Decentralized economies have taken over cryptocurrencies, giving their owners a wide range of opportunities to generate high returns on their cryptocurrencies and to accumulate currencies. DeFi not only led to massive increases in governance rates and bonus tokens like YFI and LEND, but it also opened the way for new interest in cryptocurrencies.

The launch of liquidity protocols like Uniswap and Curve followed the explosion of DeFi, and even institutional clients began to show interest in generating revenue from their cryptocurrencies. Now, the subsequent explosion of crop products like Yearn.Finance and Pickle.Finance has allowed users to benefit from multi-generation protocols.

While some of the major DeFi tokens have recently undergone sharp price adjustments, activity in the sector itself is recovering after a sharp 40% drop on September 18th. Although the total value withheld decreased from $ 13.25 billion to $ 6.3 billion in just 4 days, it’s now down. Recovering about $ 9.5 billion is banned, according to DeFi Pulse data.

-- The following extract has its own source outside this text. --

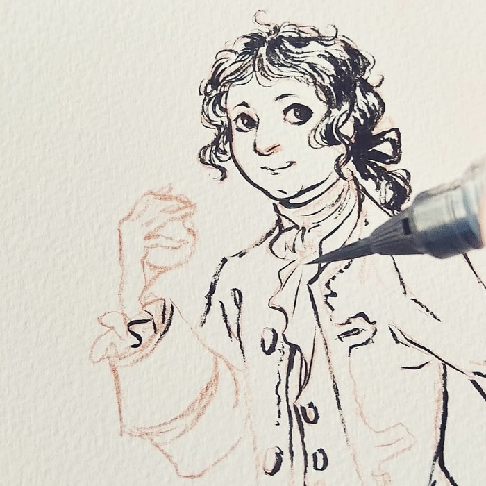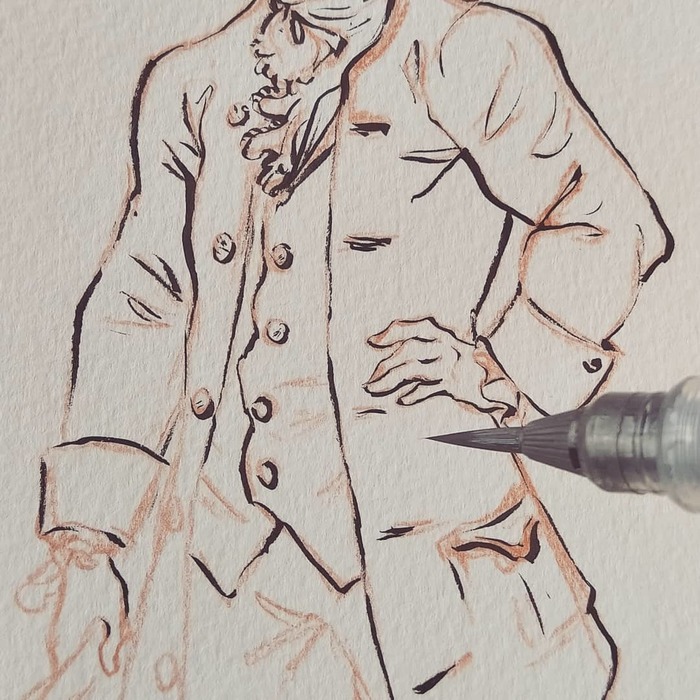 После перенесения рисунка на чистовую бумагу я делаю аккуратный лайн брашпеном с водостойкими чернилами.

Harvesting is more difficult than it sounds
Yearn: Funding has become very popular among Ethereum whales, especially since the launch of yVaults, which allows users to deposit money.

These safes are, in fact, a set of automated procedures that go through several protocols to open positions in the most stable, profitable currency assets. Members also benefit from the increased number of tokens in the process, and the account works like a smart savings account, but is much smarter.

YVaults have been shown to deliver a high percentage of annual revenue (APY) to users, and some even reach four-digit percentages. However, APYs can be misleading, as they only show the expected return of a variable interest rate at a given time.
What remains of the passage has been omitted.